Additionally, the settings and the hours of ventilator use (as obtained from the machines’ time counters) were evaluated, in order to determine proper compliance. During the follow-up period, patients underwent adjustments in NIV masks or ventilator settings as needed, in order to maintain patient-ventilator synchrony and optimize gas exchange and functional status. NIV compliance was confirmed by checking the records in the SD cards of the ventilators. In order to be considered compliant with treatment, each patient had to use the ventilator properly (air leaks less than 10lt/min) for at least 6 hours daily. Nine (9) patients were receiving supplemental oxygen (from 1 L/min to 3 L/min).
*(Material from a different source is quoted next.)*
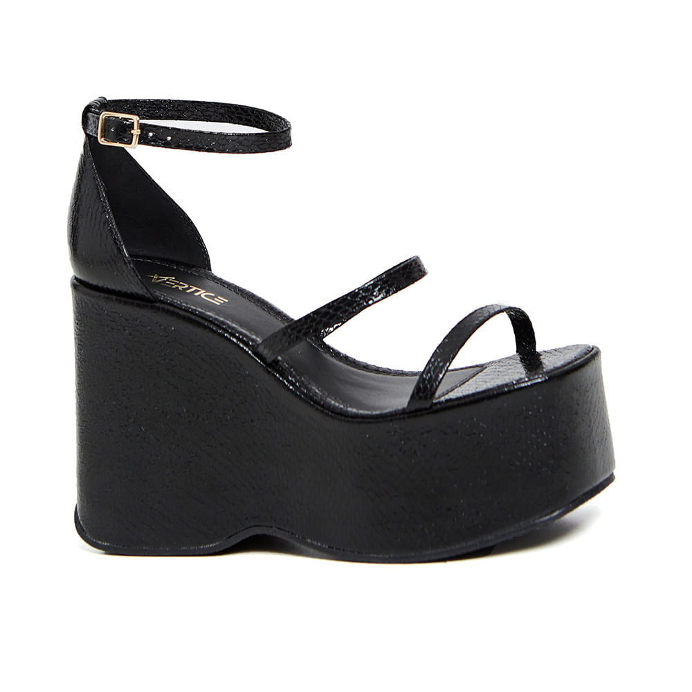 Sandália anabela confeccionada em material sintético metalizado e solado em TR, que garante maior estabilidade ao caminhar e muita resistência; Possui duas tiras médias no cabedal, fechamento lateral por fivelas, calcanhar fechado e salto plataforma inteiriço de 10 cm; Modelo possui detalhes de brilhos ao longo do calçado, deixando-o muito mais fashionista; A sandália anabela feminina com salto plataforma é um must have para quem ama estar com um look tendência; Combine a sandália plataforma com as peças mais fashionistas do seu guarda-roupa, indicamos os vestidos alongados com babados, mini saias e calças mom jeans com uma blusa colorida; Para arrematar, invista em bolsas de tons claros; A sandália anabela com salto plataforma pode ser o calçado mais fashionista da sua coleção, além de ser uma sandália super criativa e moderna para compor visuais perfeitos; As maiores fashion influencers estão amando apostar nelas para os seus looks!<br><br><br>.<br><br><br>Produto : Sandália Plataforma Tiras Preto <br>Categoria: Sandalia<br>Tipo de Salto: Salto alto<br>Altura do Salto: 10cm<br>Tipo de Bico: Quadrado<br>Material Externo: METALIZADO<br>Solado: TR<br>Forma : Normal compre a que costuma usar<br>Peso: 0,864g<br>Cor: Preto<br>Gênero: Feminino<br>Marca: Vértice<br><br><br>

Finally, fasting morning venous blood samples were collected from each subject at every appointment. Physical activity was monitored during the study. That is to say, in each re-evaluation the patients were thoroughly interviewed, regarding all aspects of their daily activities. No major alterations in daily activities were reported. No patient was participating in a pulmonary rehabilitation programme before or during the study.

Statistical analysis

Continuous variables are presented with mean ± standard deviation (SD). Normality of distribution of the variables was assessed using the Shapiro-Wilk test. Differences in changes of study variables during the follow up period were evaluated using repeated measurements analysis of variance (ANOVA). Bonferroni correction was used in order to control for type I error in multiple comparisons. HOMA index was log-transformed for the analysis due to its skewed distribution. To define factors associated with changes in Insulin Resistance and adiponectin levels, stepwise mixed linear regression analysis was conducted. P_aO₂, p_aCO₂, pH, HCO_3-, FEV₁, FVC, BMI and age were the independent variables. p values < 0.05 were considered statistically significant. Analyses were performed using SPSS 17 (SPSS, Chicago, IL, USA) and STATA 8.0.

Results

Twenty-five (25) COPD patients with Hypercapnic Respiratory Failure, aged 67.6 (± 6.8 yr), participated in the study. They exhibited an apnoea –hypopnoea index (AHI) of 5.1 units (± 3.9), whereas the mean pack-years value was 50.6 (± 19.0).

Physiological outcomes

There was a constant improvement in spirometric parameters throughout the study period. Specifically there was a significant improvement in FEV₁ values from the first month (34.1 ± 11.6% vs 37 ± 12.3%, p = 0.05) with a further improvement from the third to sixth month (36.1 ± 13.3% vs 38.6 ± 13.1%, p = 0.001). Concerning FVC there was a sustained improvement after the sixth month of NIV use (48.8 ± 12% vs 54.4 ± 11.7%, p = 0.010) which was maintained thereafter. Dyspnea improved from the first month (MRC from 3.7 ± 1 to 3.3 ± 0.9, p = 0.009) and thereafter, and so was ESS (7.5 ± 4 vs 4.9 ± 1.7, p < 0.0001) (Table 1).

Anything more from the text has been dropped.